__WORK INSTRUCTIONS__. Pictures aside, print all of the data below exactly as written.

__Records from a data source__.
########################################
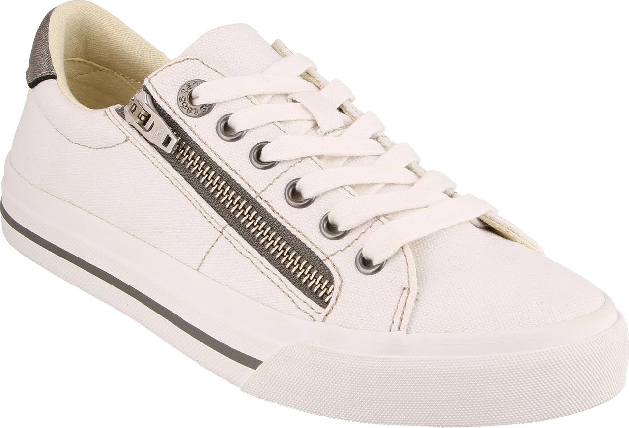 Englin’s Fine Footwear presents the women’s ‘Z Soul’ from Taos. Cute, stylish, and comfortable! Z Soul has arrived with an outside zipper for easy accessibility, along with lace up adjustability for a custom fit. Z Soul canvas sneaker has the Curves & Pods® premium removable footbed which gives you the arch and metatarsal support that your feet will thank you for.
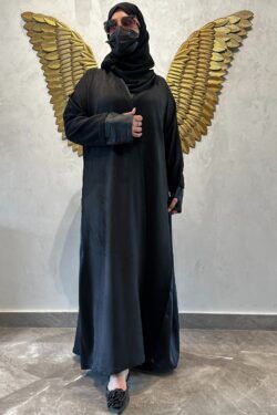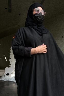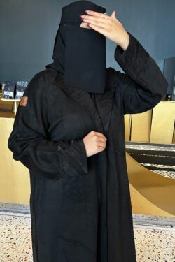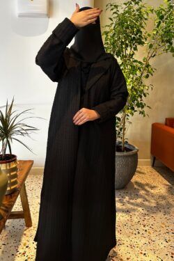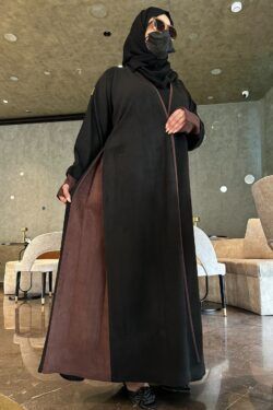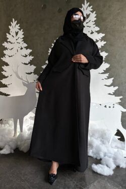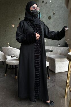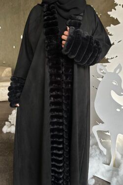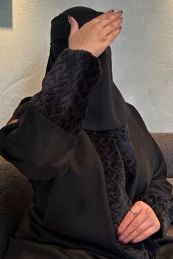 عبايه شتويه بتصميم انيق على اكمام بنحاسي و اسود
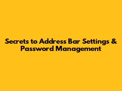 Secrets To Address Bar Settings & Password Management
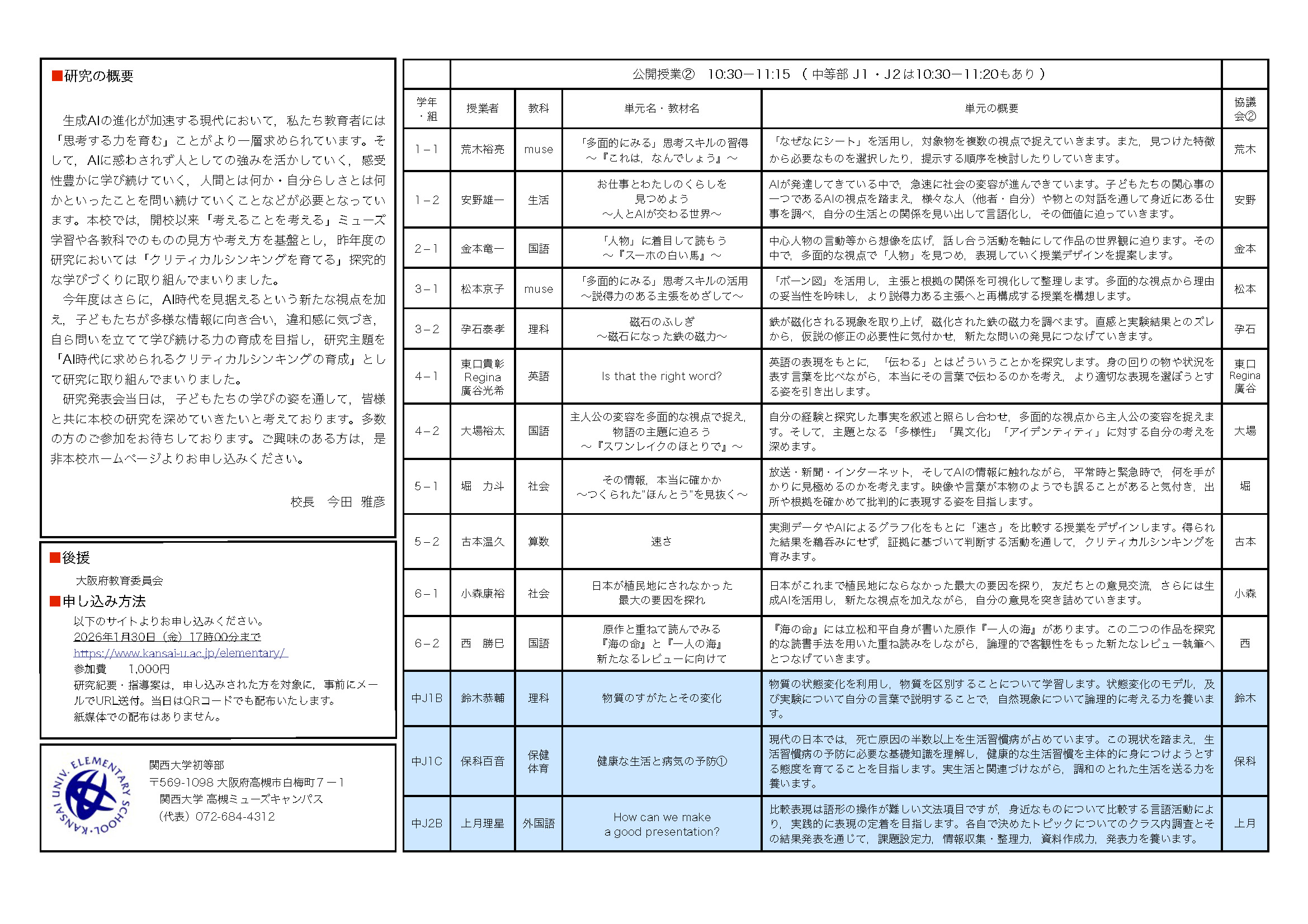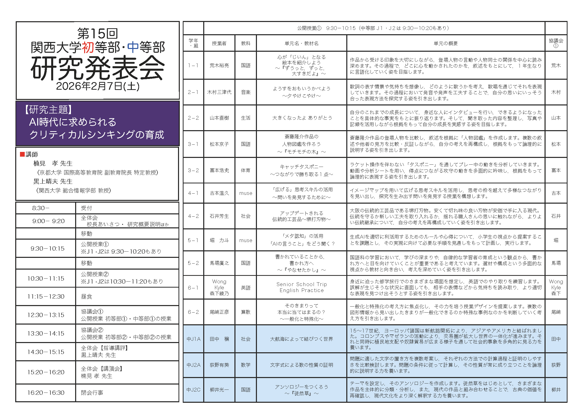 2月072026 公開研究会 第15回関西大学初等部・中等部研究発表会 開催期間2026年2月7日(土)9:00~16:30 会場関西大学高槻ミューズキャンパス (大阪府高槻市白梅町7番1号) 料金1,000円 問い合わせ072−684−4312(代表) URLhttps://www.kansai-u.ac.jp/elementary/2026/02/15-3.html https://www.kansai-u.ac.jp/elementary/pdf/2025_2jiannnai.pdf
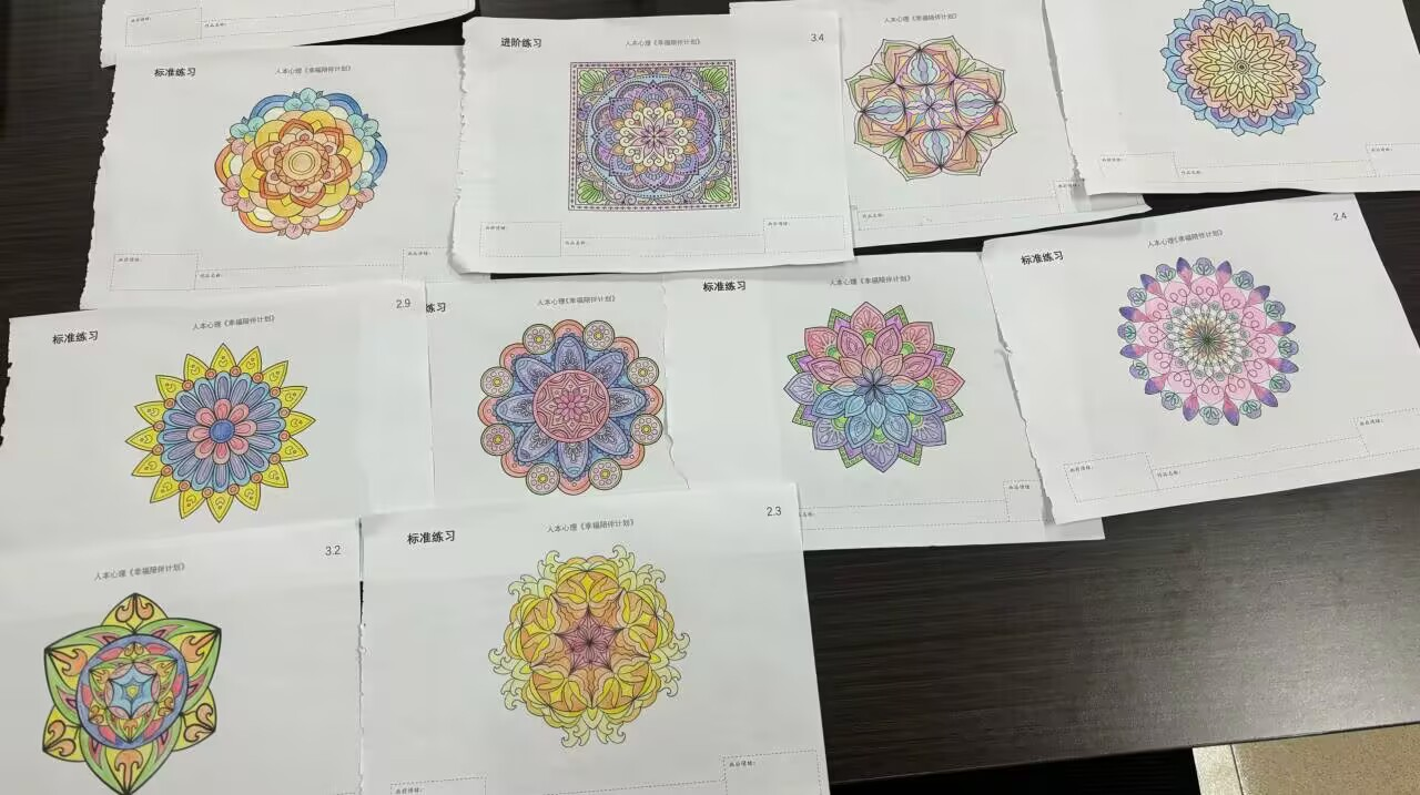 活动伊始,结合学生们“重逻辑、少表达”的特点,活动通过图文指引清晰呈现曼陀罗绘画的心理疗愈原理,无需专业绘画基础,只需跟着内心选择色彩、填充图案,就能在专注创作中梳理情绪。简单的绘画范例提前陈列展示,让同学们轻松放下画得好不好的负担,主动投入到自我表达的创作中。
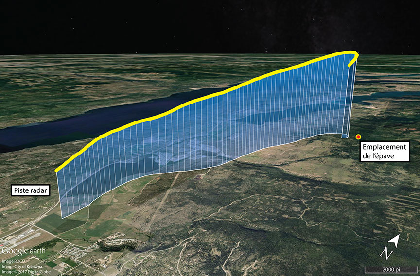 Vue aérienne de la trajectoire de vol du C-GTNG
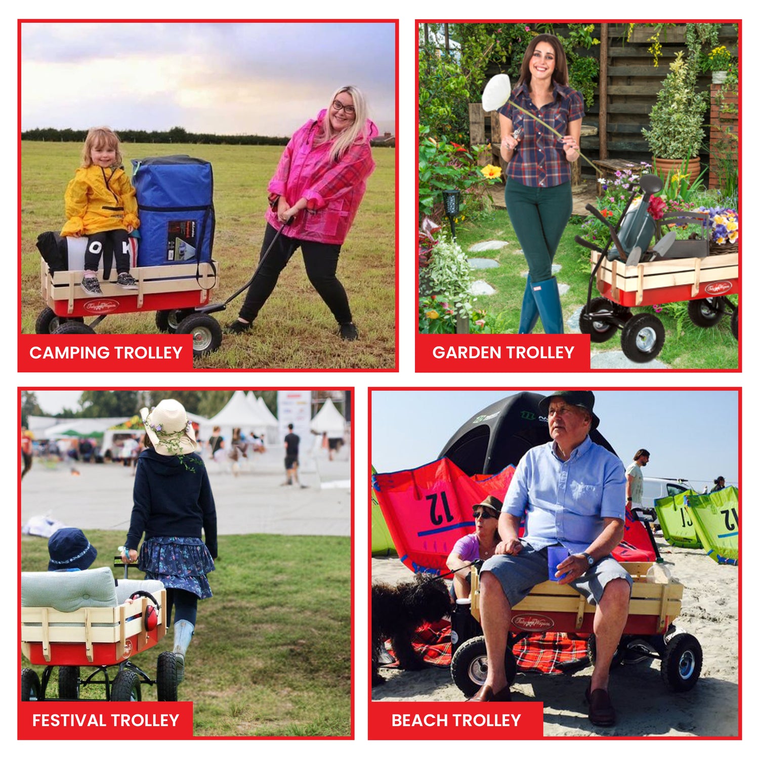 "I got an All Terrain Wagon and a foldable one 8 years ago. Foldable died a death early on, Red Wagon still going strong. The kids have commandeered it though. Wheels have never needed attention, it rocks! Best investment I ever made. I have bought and sold three cars since I bought the Red Wagon and it's more feicin' reliable than my Ford C-Max. Thanks Guys!" - Christine Joyce
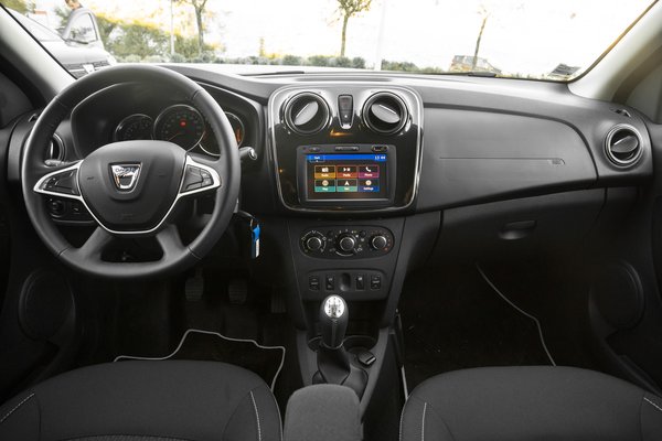 Az utastérben annyi változott, hogy mostantól egy fényes, szénszálra emlékeztető dekort is rendelhetünk az ajtóbehúzókra és a középkonzolra, de újdonság még a középre helyezett hátsó elektromos ablakok kapcsolója, és a négyküllős kormány is. Az egyik leghasznosabb fejlesztés mégis a tolatókamera bevezetése. Nem kell megijedni, a Dacia nem kezd féktelen urizálásba, kiemelték, hogy sem elektromos kézifék, sem parkolást segítő elektronika nem lesz a jövőben, mert a cél továbbra is a költségek alacsonyan tartása. Alapfelszereltség lett viszont az emelkedőn való elindulást segítő elektronika, ezt a féket baromi erősen taposva lehet bekapcsolni.
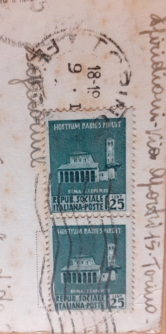 Cartolina viaggiata con due francobolli Hostium Rabies Diruit RSI
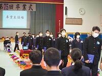 厳かに式が挙行され、「お別れの議」では在校生から涙ながらに感謝の言葉が伝えられました。続いて卒業生からは、三年間を振り返り、支えてくださった皆様への感謝の言葉が述べられました。
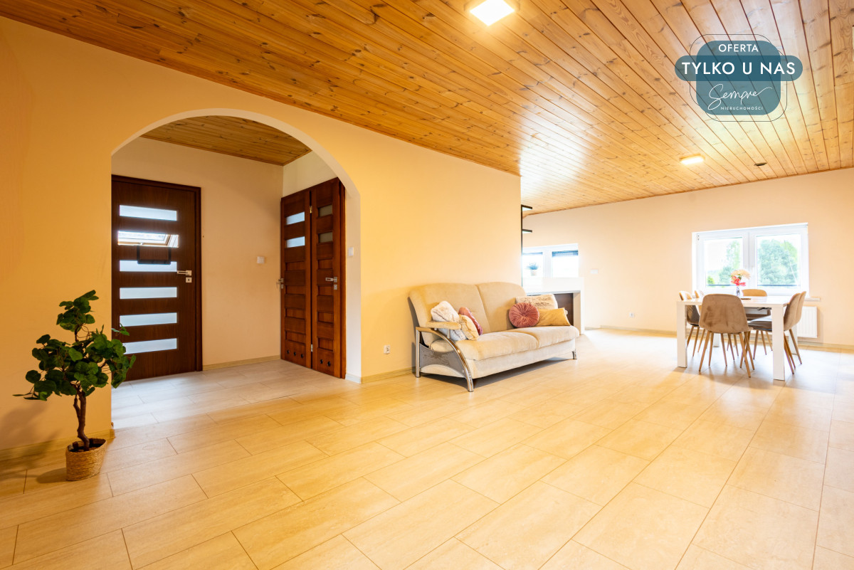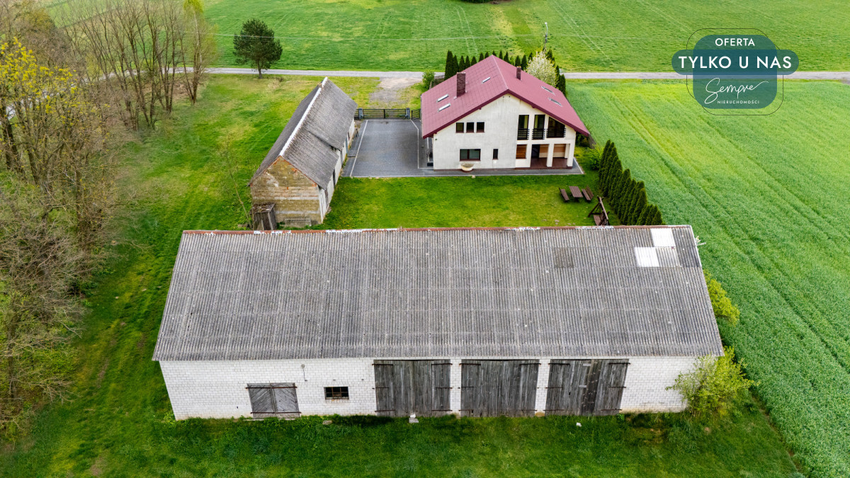 • monumentalna stodoła z wysokim stropem i solidną konstrukcją, która stanowi idealne płótno dla Twojej wyobraźni – od przestronnego warsztatu po galerię sztuki.
########################################
__SOLUTION FOR THIS EXERCISE__.
 Englin’s Fine Footwear presents the women’s ‘Z Soul’ from Taos. Cute, stylish, and comfortable! Z Soul has arrived with an outside zipper for easy accessibility, along with lace up adjustability for a custom fit. Z Soul canvas sneaker has the Curves & Pods® premium removable footbed which gives you the arch and metatarsal support that your feet will thank you for.
 عبايه شتويه بتصميم انيق على اكمام بنحاسي و اسود
 Secrets To Address Bar Settings & Password Management
 2月072026 公開研究会 第15回関西大学初等部・中等部研究発表会 開催期間2026年2月7日(土)9:00~16:30 会場関西大学高槻ミューズキャンパス (大阪府高槻市白梅町7番1号) 料金1,000円 問い合わせ072−684−4312(代表) URLhttps://www.kansai-u.ac.jp/elementary/2026/02/15-3.html https://www.kansai-u.ac.jp/elementary/pdf/2025_2jiannnai.pdf
 活动伊始,结合学生们“重逻辑、少表达”的特点,活动通过图文指引清晰呈现曼陀罗绘画的心理疗愈原理,无需专业绘画基础,只需跟着内心选择色彩、填充图案,就能在专注创作中梳理情绪。简单的绘画范例提前陈列展示,让同学们轻松放下画得好不好的负担,主动投入到自我表达的创作中。
 Vue aérienne de la trajectoire de vol du C-GTNG
 "I got an All Terrain Wagon and a foldable one 8 years ago. Foldable died a death early on, Red Wagon still going strong. The kids have commandeered it though. Wheels have never needed attention, it rocks! Best investment I ever made. I have bought and sold three cars since I bought the Red Wagon and it's more feicin' reliable than my Ford C-Max. Thanks Guys!" - Christine Joyce
 Az utastérben annyi változott, hogy mostantól egy fényes, szénszálra emlékeztető dekort is rendelhetünk az ajtóbehúzókra és a középkonzolra, de újdonság még a középre helyezett hátsó elektromos ablakok kapcsolója, és a négyküllős kormány is. Az egyik leghasznosabb fejlesztés mégis a tolatókamera bevezetése. Nem kell megijedni, a Dacia nem kezd féktelen urizálásba, kiemelték, hogy sem elektromos kézifék, sem parkolást segítő elektronika nem lesz a jövőben, mert a cél továbbra is a költségek alacsonyan tartása. Alapfelszereltség lett viszont az emelkedőn való elindulást segítő elektronika, ezt a féket baromi erősen taposva lehet bekapcsolni.
 Cartolina viaggiata con due francobolli Hostium Rabies Diruit RSI
 厳かに式が挙行され、「お別れの議」では在校生から涙ながらに感謝の言葉が伝えられました。続いて卒業生からは、三年間を振り返り、支えてくださった皆様への感謝の言葉が述べられました。
 • monumentalna stodoła z wysokim stropem i solidną konstrukcją, która stanowi idealne płótno dla Twojej wyobraźni – od przestronnego warsztatu po galerię sztuki.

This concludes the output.